Gruat J-V. (18.02.09), Maire de Brennilis Deux problématiques différentes sur la commune : à l’ouest liée aux exploitations forestières, à l’est liée une zone humide remarquable à protéger. Une convention a été signée avec Bretagne vivante pour garantir la préservation et l’entretien de la zone humide. D’autre part, le CG cherche à créer une réserve foncière sur cette partie de zone humide à préserver. Aménagement d’une promenade le long du lac (environ 1km de Nestavel-Bihan à Nestavel-Braz). Il est envisagé la réalisation d’un sentier communautaire pour la Communauté de commune du Yeun Elez passant par chacun des bourgs (le tracé n’est pas encore fixé) La centrale, la commune n’a pas de position particulière à son égard. L’installation d’une centrale à biomasse envisagée par EDF pose question (restructuration du réseau viaire, impact sur le tourisme). Le barrage de forme rare fait parti du patrimoine bâti de la commune, l’usine hydroélectrique de St Herbot à un aspect patrimonial (production électrique « symbolique »).

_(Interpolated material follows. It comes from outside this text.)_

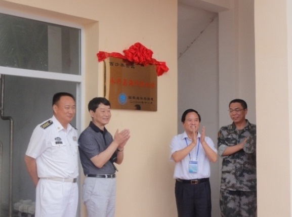 11月15日,國家海洋局向西沙水警區贈送海水淡化裝置揭牌儀式在永興島隆重舉行。國家海洋局黨組書記、局長劉賜貴在率考察組赴西沙永興島、琛航島慰問駐島軍民和中國海監執法人員期間專程參加了揭牌儀式,出席揭牌儀式的還有國家發展和改革委員會黨組成員、副主任穆虹,國家邊海防委員會副局長馬慶雷,國家海洋局黨組成員、人事司司長李春先,國家海洋局海監總隊黨委書記、常務副總隊長孫書賢,海軍司令部作戰部朱建良副部長和西沙水警區陳昌峰司令員等30余名領導,屈強所長陪同。

Simon J. (19.02.09), Conseiller municipal à Brasparts Les objectifs principaux de la commune : maintien de sa population ainsi que de son activité économique (faible & décroissante). À contacter : la CCYE qui possède la compétence développement touristique ainsi qu’économique.

Holder E. (19.02.09), Responsable de sites de l’association Bretagne Vivante Il existe deux moyens d’entretenir les landes et landes tourbeuses, soit par pâturage (demande un investissement humain assez important), soit par fauchage (environ 2 fauches en 5 ans). Lorsque que la lande a atteint le niveau arbustif, il est nécessaire de la restaurer par girobroyage avant de passer au fauchage. Quant aux tourbières, elles évoluent faiblement, donc demande peu d’entretien. L’association cherche à étendre son travail de protection à l’arrière Venec grâce notamment à un programme d’acquisition foncière lancé par le CG.

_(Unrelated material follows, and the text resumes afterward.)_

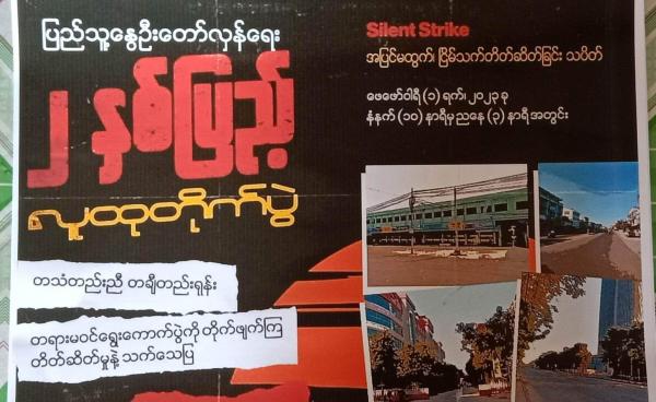 စစ်တပ်အာဏာသိမ်းမှုကို ဆန့်ကျင်တဲ့ နွေဦးတော်လှန်ရေး ၂ နှစ်ပြည့်၊ ၂၀၂၃ ခုနှစ် ဖေဖော်ဝါရီလ ၁ ရက်နေ့မှာတော့ တစ်နိုင်ငံလုံး တိတ်ဆိတ် ငြိမ်သက်ခြင်းသပိတ်...

Guillou Y-C. (25.02.09), Maire de St Rivoal Il y a un fort taux de résidences secondaires : 38% (pour 53% en principales). Les objectifs de la commune sont maintenir la population, rendre la commune attractive, construire. La commune possède une importante superficie d’espaces naturels (50%), un important patrimoine bocager, une bonne surface est boisée (3/4 des plantations artificielle sont de l’épicéa de Sitka, il y a aussi un peu de Douglas). Un contrat signé entre le PNRA et un éleveur ovin permet la gestion de la lande autour du Monts St Michel (pâturage des moutons de mai à septembre). L’exploitation de la lande par fauchage n’est pas très rentable car réalisée seulement tous les 4-5 ans.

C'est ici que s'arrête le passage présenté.